* MATERIAL PROVIDED *
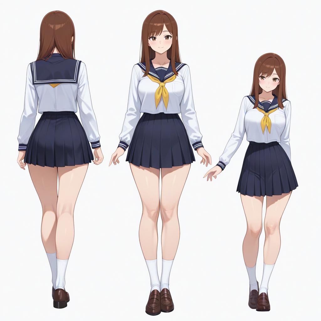 Charturnerv2, A character turnaround of a schoolgiri wearing school uniform. Multiple views of the same character in the same outfit, masterpiece, best quality, 1girl, ultra high res, full body, simple background, white background
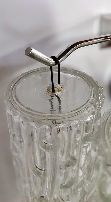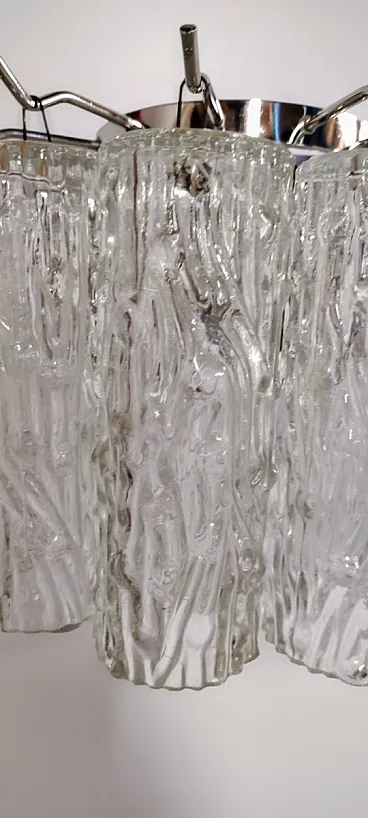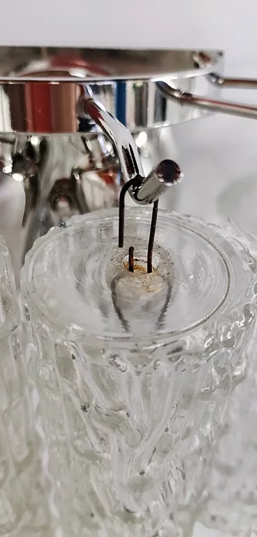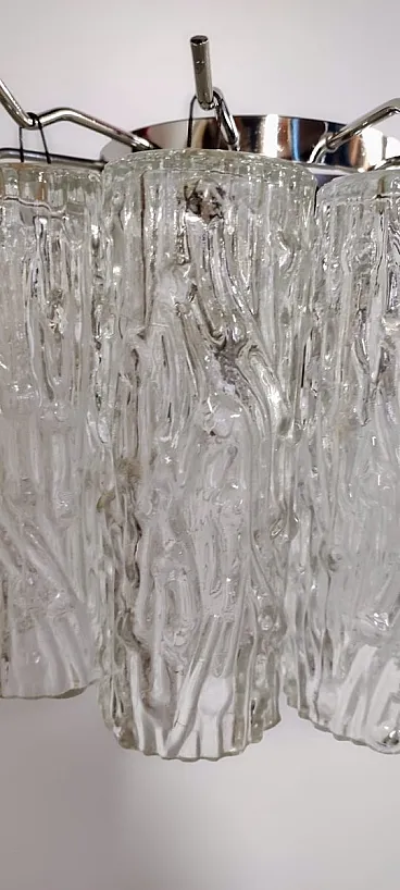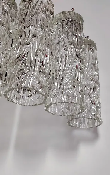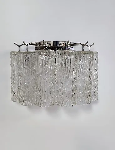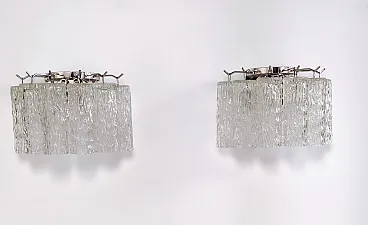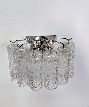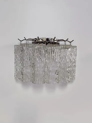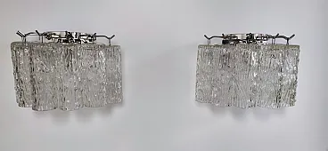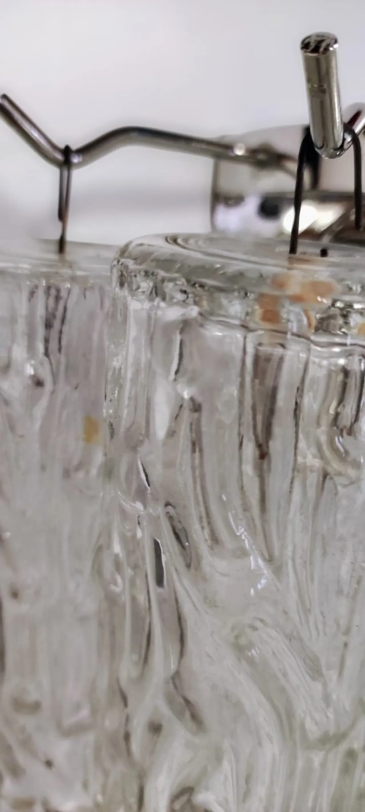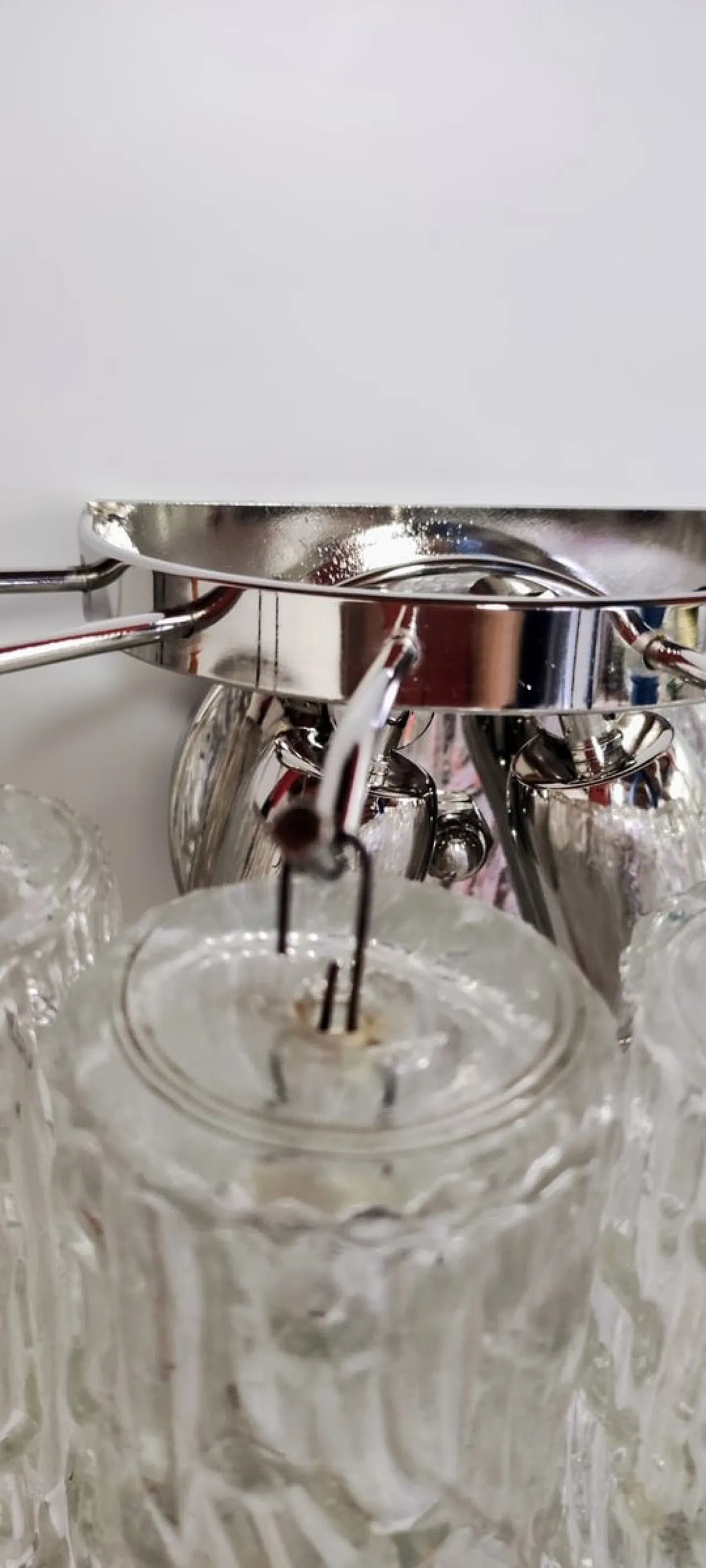 Elegant 1970s Murano glass sconces consisting of a series of six clear "rippled" glass tubes. Restored chrome mount, fits two E 14 light bulbs.
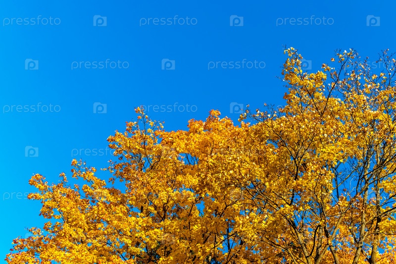 Кленовые ветки с желтыми листьями на фоне голубого неба
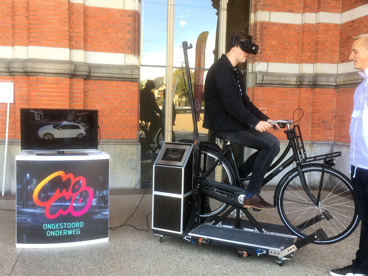 Op de fiets ervaren deelnemers met behulp van een 3D-bril in een Virtual Reality-wereld wat het effect is van afleiding op de fiets. Doordat ze het zelf ervaren, is de kans het grootst dat ze in het vervolg niet meer appen op de fiets of hun telefoon op stil zetten.

* EXERCISE GOAL *
Set down exactly the lines between the one with "Кленовые ветки с" and the last line of the material above, both included, but none of the pictures.

* PROBLEM SOLUTION *
 Кленовые ветки с желтыми листьями на фоне голубого неба
 Op de fiets ervaren deelnemers met behulp van een 3D-bril in een Virtual Reality-wereld wat het effect is van afleiding op de fiets. Doordat ze het zelf ervaren, is de kans het grootst dat ze in het vervolg niet meer appen op de fiets of hun telefoon op stil zetten.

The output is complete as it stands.